Whereas an NFT (non-fungible token) has no innate value, a digital Letter of Credit from Mifiel is the exact opposite: It has a concrete, tangible value.

Thanks to Latin America’s FinTech boom, US investment banks are buying debt from Mexico’s companies and using Mifiel for those transactions.

“Essentially, they’re buying ‘NFTs’ that we craft for them. So, now in their balance sheets, they have Mifiel files, which is awesome when you think about it,” Alvarez said.

Mifiel officially launched in 2016 and, like Volabit, was early to market. The company now employs more than 20 people and counting.

Hannah and Tomas pose outside with their team at Volabit and Mifiel
“The most rewarding part has been building a team of passionate problem solvers,” Alvarez said. 

Kim and Alvarez have been conservative with hiring, cautious and mindful that growing recklessly without consideration to culture could break what they’ve built.

They also understand, though, that they cannot grow Mifiel’s product adoption and usage within the Mexican market without hiring more talent - a necessity given that Mifiel’s services are becoming the preferred way to fund debt in Mexico.

“Mexico doesn't like change. We have a saying here: ‘Más vale mal por conocido que bueno por conocer,’ which translates to, ‘A known evil is better than an unknown good.’ That's the mindset of most business stakeholders we've come across when selling Mifiel,” Alvarez said.

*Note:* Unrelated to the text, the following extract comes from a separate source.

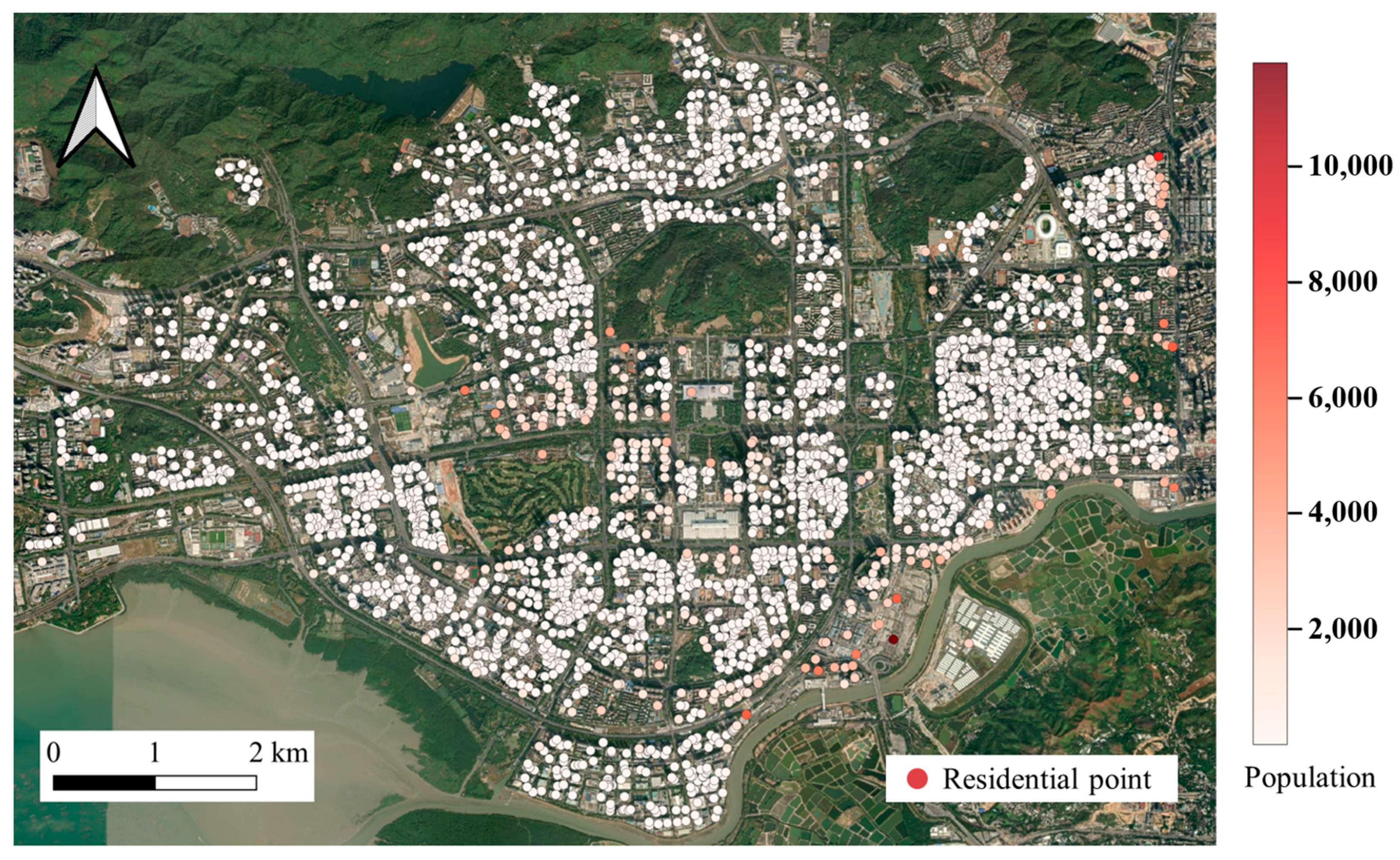 Distribution of residential points in Shenzhen’s Futian District.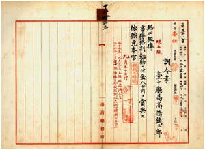 三四 台中庁属高橋鉄三郎ハ脚気ニ罹リ職ニ堪ヘサル旨ヲ以テ辞職願ニ依リ昇級ノ上事務格別勉励ニ付キ一時金ヲ賞与シ本官ヲ免ス

“It’s very rewarding to see how you can change the fabric of a system built by a society that doesn't like to change. Several years ago, everyone thought we were crazy to try to digitize,” Alvarez said. “And, now, even the most traditional institutions are using our products.”

Learnings Along The Way

ADVICE for students

Hannah's Thoughts

This is a personal regret: I didn't fully take advantage of the wealth of resources that CMU has to offer, especially in its expertise in design, engineering, and computer science.

Fully tap into the expertise of the professors, your peers, and the alumni, explore courses and extracurriculars, and go outside of your comfort zone because (a) once you graduate from school, you don't have that much of an opportunity to be exposed to those kind of environments --- or even to have time to explore those topics --- so it's a unique time when you can take advantage of that and then (b) it's the only time when you can play, explore, and discover what you like, which develops creative confidence.

CMU has such specific areas of expertise that you can really get so much out of your education. But, unless you're proactive about it, you can pass the experience just going to classes and hanging out with your friends. Then it'll be too late when you realize you can't go back and take advantage of that.

Tomas' Take

Your professors are really important because you can dive into something interesting with them. So something that really helped us was we developed a close relationship with one of the faculty.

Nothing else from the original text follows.